PIP Implants: NHS Chief Says 'Significant Uncertainty' For Women With Industrial-Grade Silicone

'Significant Uncertainty' For Future Of Women WIth PIP Implants, NHS Boss Says

The future for women who've had PIP breast implants carries "significant uncertainty", a senior director of the NHS has told MPs on Tuesday morning, amid signs that the private cosmetic surgery industry is set for a major overhaul.

Professor Sir Bruce Keogh, the NHS Medical Director, said in the wake of the PIP scandal: "We are dealing with significant uncertainty. It's that level of uncertainty which creates the anxiety with relation to the 'ticking timebomb'."

The NHS is currently engaged in two reviews. The first one, urgently being conducted, will look at the scientific evidence underpinning the advice on how the implants should be dealt with. The second longer-term review will look at aspects of governance of the industry and will take about a year.

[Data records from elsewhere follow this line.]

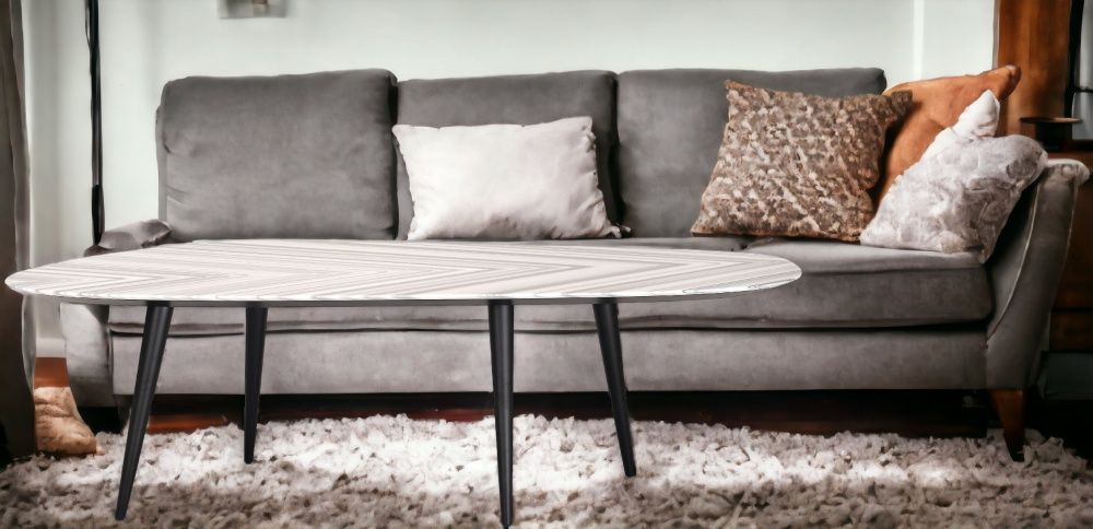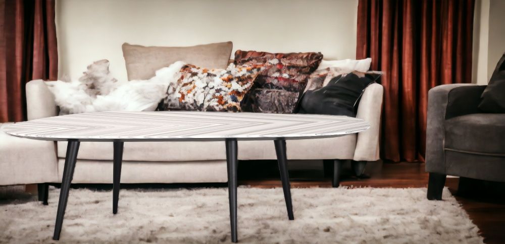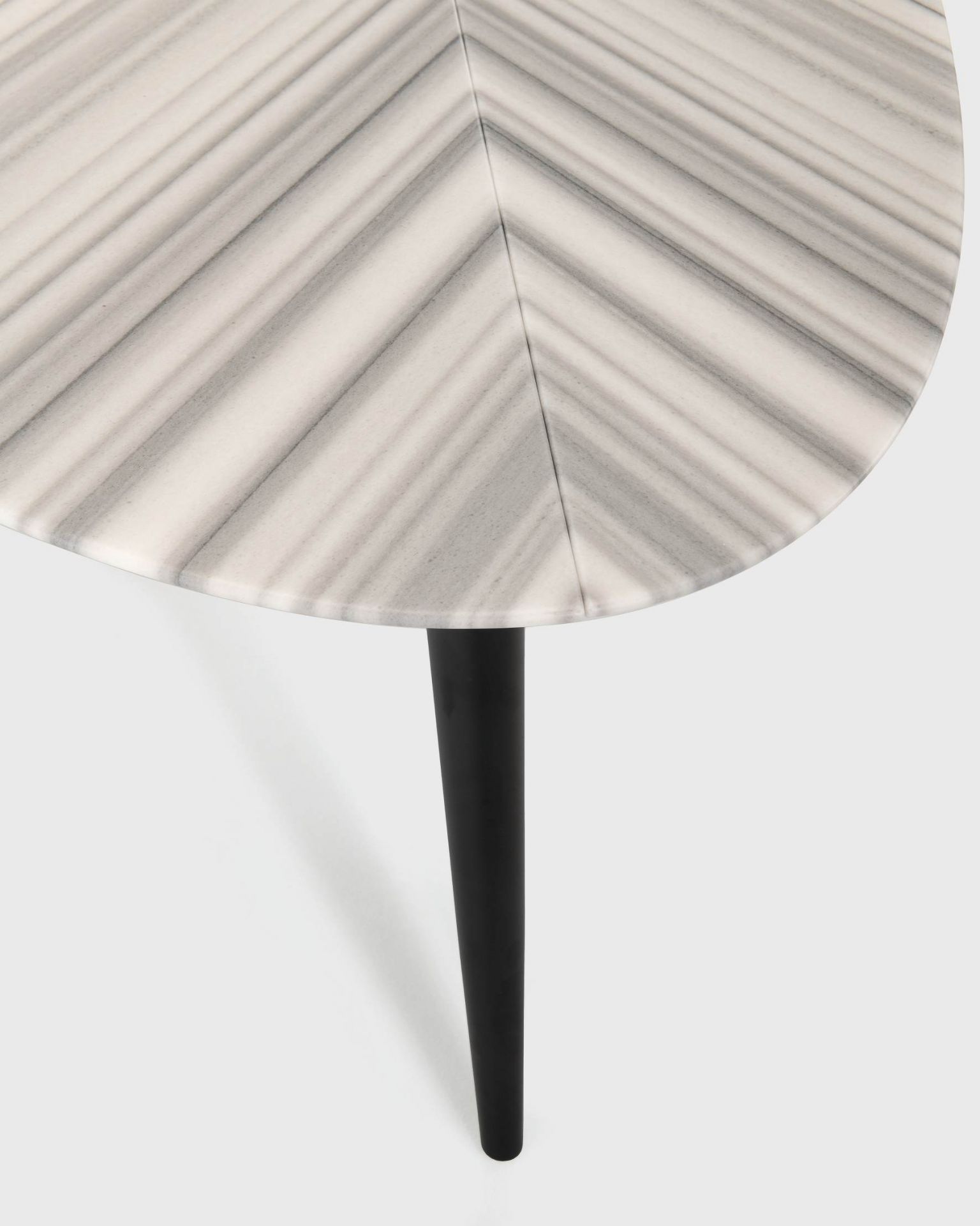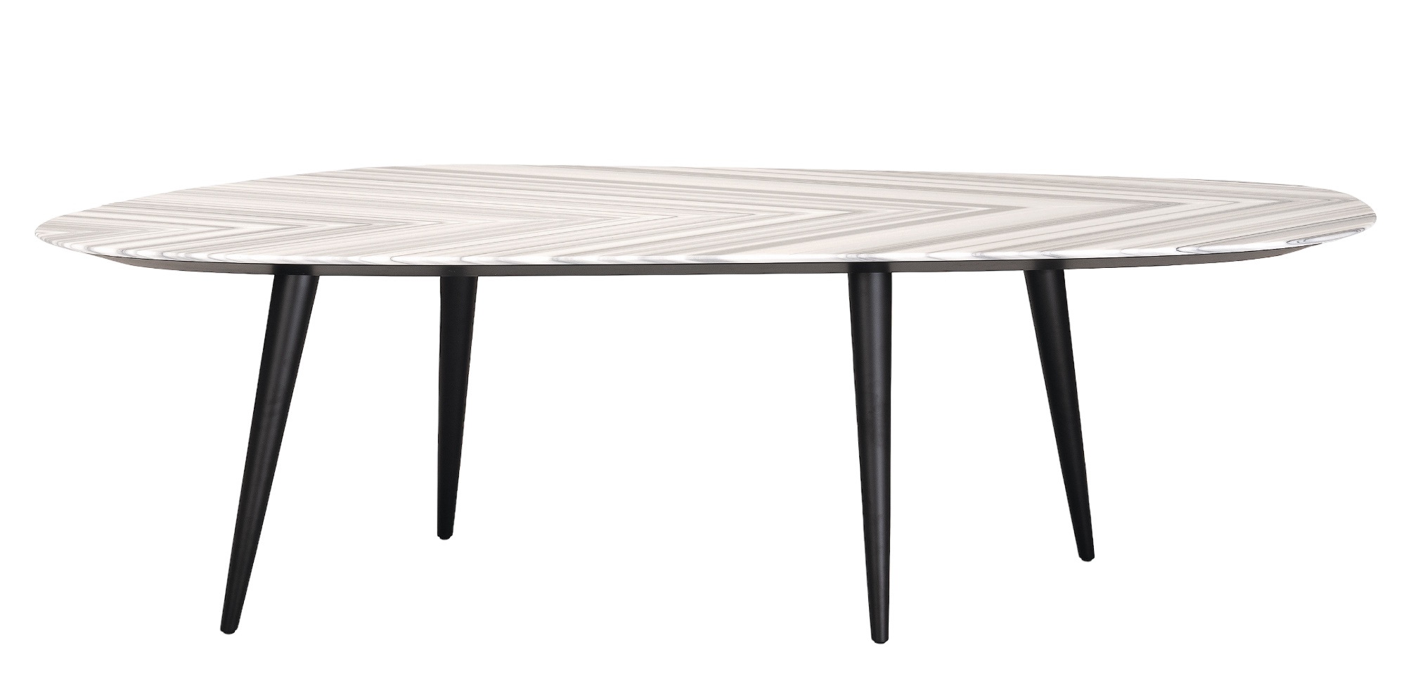 Die Tweed-Kollektion wurde um eine einzigartige Ausführung in Marmor erweitert: Tweed Marble. Dieser Tisch hat eine Platte aus weißem Marmor Striato Olimpico mit markanten horizontalen grauen Adern. Das ursprüngliche Konzept wurde beibehalten: Das Design nutzt die natürliche Maserung des Materials, um ein grafisches Zeichen zu schaffen. Dieses Zeichen verläuft diagonal über die Tischplatte und teilt sie wie ein Blatt in zwei Hälften.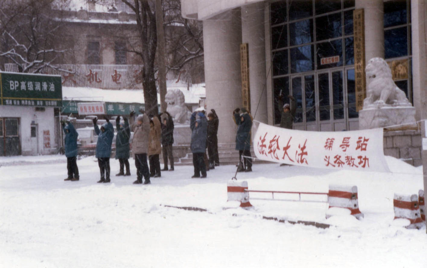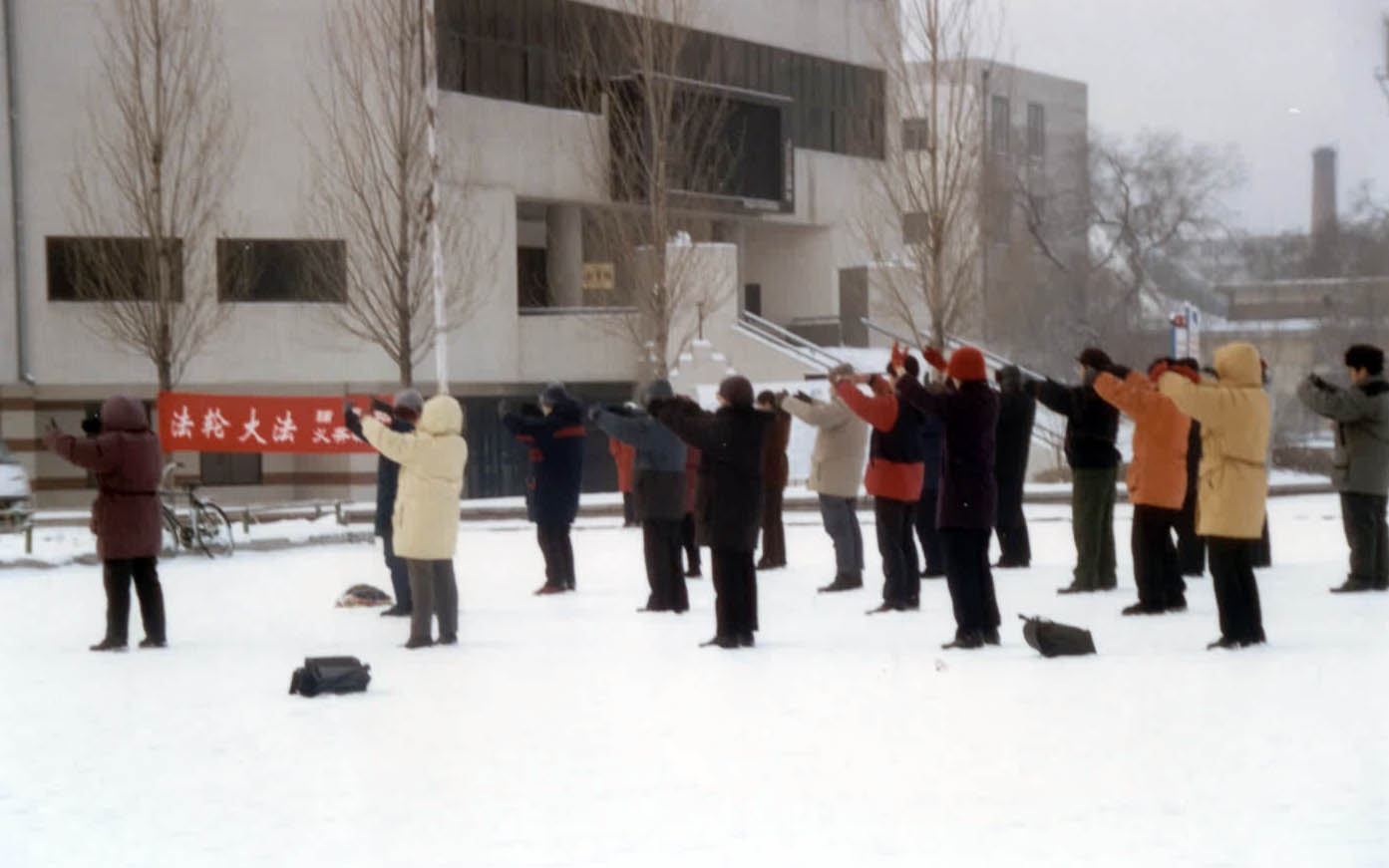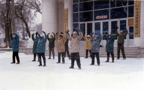 | 【明慧网二零一零年五月十三日】一九九四年八月初,我有幸参加了法轮功创始人李洪志师父在哈尔滨八区体育场冰球馆举办的讲法班。在班上,师父讲了许多如何做人、重德、向善、按真、善、忍做好人的道理。每次讲课时,师父只拿一张需要讲什么的纸,没有教科书,没有教案,一切成竹于胸。讲课中,师父引述了天文、地理、历史、物理、化学、生命科学等许多学科的知识,也列举了生活中的许多例子作类比说明,让我觉得师父的知识很渊博,同时也使我认识到人生的真正目地和意义。 这次讲法班中哈尔滨的学员并不多,多数都是从外地不远千里赶来的,也不乏有第二次、第三次、第四次参加讲法班的老学员。在这之后短短的四、五年时间里,哈尔滨的学员越来越多,到处都可以看到晨炼的法轮功学员。那几年也举办过许多大型的洪扬法轮功的集体炼功活动;还举办过修炼心得交流会,主要谈及个人在修炼过程中如何提高心性,如何在生活中使自己做一个更好的人的经历与心得。 那些年,没有人想到九九年七月会发生××党对法轮功的非法镇压与抹黑,也不曾知道如今要向人们再现法轮功曾经在大陆的洪传盛况,所以把历史的真实拍成照片记录下来的并不多。下面几组照片只是这一段真实历史过程中的点滴记录。 这一组照片是晨炼的情况,摄于一九九八年冬天。  哈工大广场晨炼,前方的建筑物是哈工大图书馆。如今,这个广场两侧变成了停车场。 |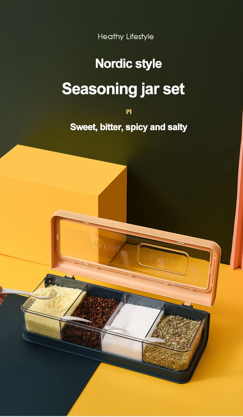 Z czterema przegródkami przezroczysty słoik na przyprawy solniczki i pieprzniczki Nordic przyprawy kuchenne zestaw kuchenny przyprawy schowek na zastawę stołową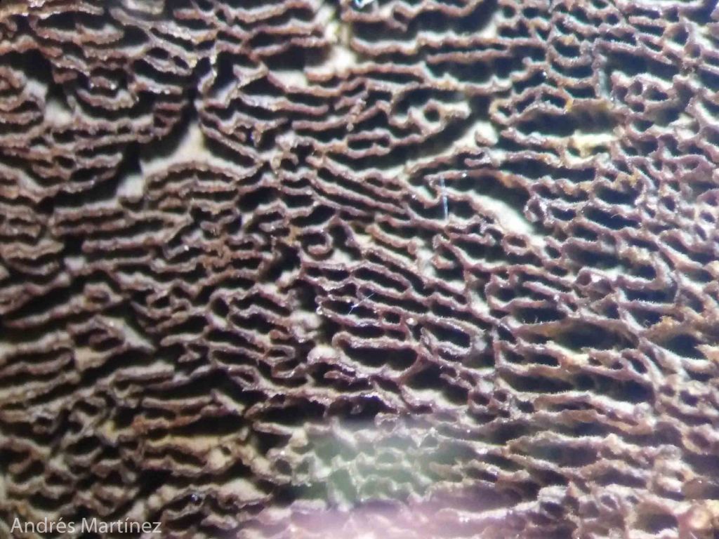 Poros sinuosos hacia el margen del basidioma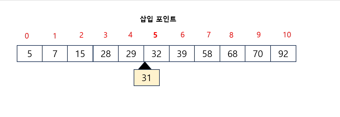 - 31을 검색하면 31은 인덱스(4)와 인덱스(5) 사이에 위치해야 하므로 삽입 포인트는 5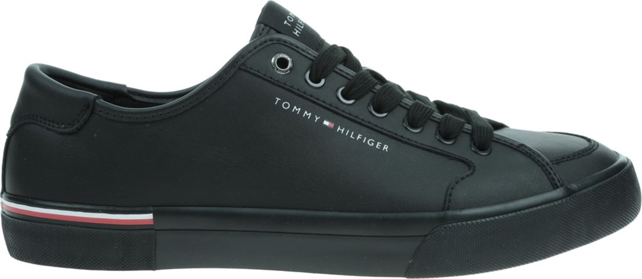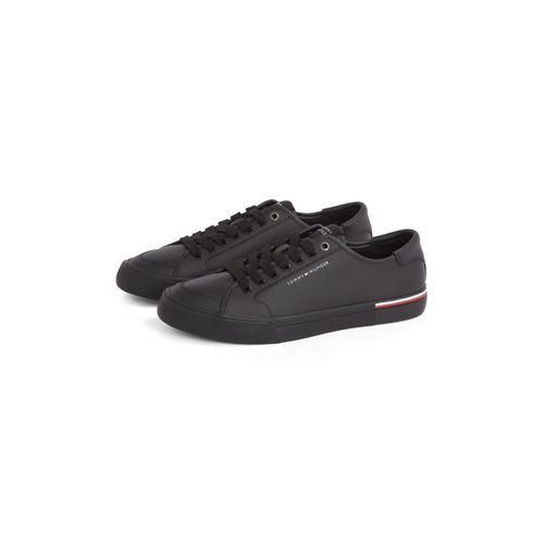 Tommy Hilfiger CORE CORPORATE VULC LEATHER Sneaker, Freizeitschuh, Halbschuh, Schnürer mit Logoschriftzug (schwarz)
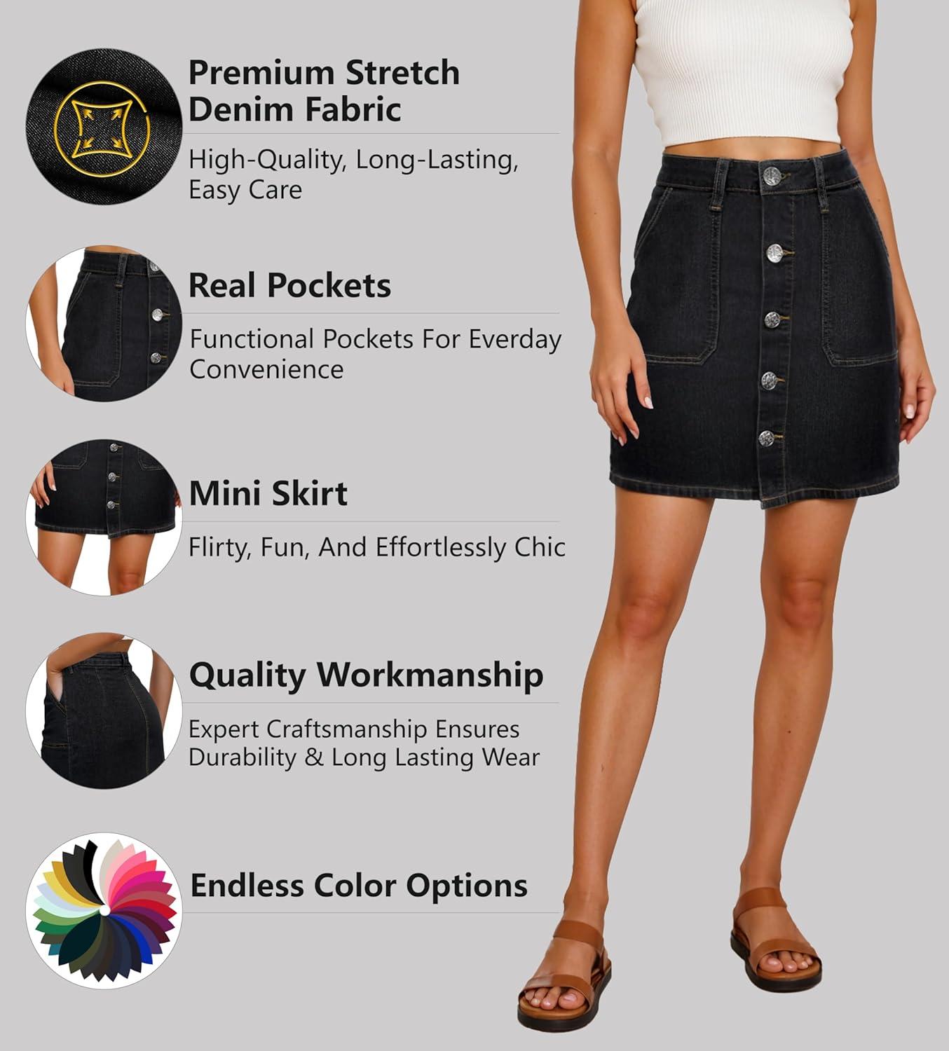 Lexi Womens Stretch Pencil Skirts with Functional Pockets, A Line & Destructed Mini Denim Skirts(Sks48015-black)

But on the matter of the urgent review, Sir Bruce said: "We are left with uncertainty around the potential damage from the silicone itself."

He told the Commons Health Committee that of the 40,000 women in Britain with PIP implants - made from industrial-grade silicone and believed to be at greater risk of rupture or toxic contamination than more expensive medical-grade implants - only 745 women received these PIPs on the NHS.

Those women are entitled to free surgery to have their implants removed and replaced, but the rest of those living in England with private implants won't get replacements on the NHS. Sir Bruce said private providers had a moral obligation to help their former customers, but evidence to the committee revealed the industry was in disarray.

Sir Kent Woods, Chief Executive of the Medicines and Healthcare Products Regulatory Agency (MHRA) told MPs they did not have a centralised register of women who'd had breast implants.

"There is no possibility of contacting the patients concerned," he said, adding there was a "striking reluctance" among women who'd had breast implants to provide further information. This had scuppered previous attempts to run a national breast implant register.

Further concerns came from the industry itself. Simon Withey, a member of the Council of the British Association of Aesthetic Plastic Surgeons, said there was concern surrounding the codes of advertising in the industry, saying the portrayal of breast implants in the media had led to a "trivialisation" about the procedure.

"We have patients who come in on a regular basis who are surprised they will have a scar, surprised they're going to be off work for a few days," he told MPs, speaking of a "strong commercial pressure" among some private doctors.

But he said as things stood, women should not automatically opt for removal of PIPs just because they were worried. "Anxiety alone is not good enough reason to remove an implant," Withey told MPs, saying women who have them should "see a surgeon who could give them advice on the relative risks."

"But I don't think that necessarily means you should be taking out every implant from every anxious woman," he concluded.

MPs have just launched their inquiry into the PIP scandal, which has affected women across Europe. The advice in each country varies, with the French and German health authorities recommending removal.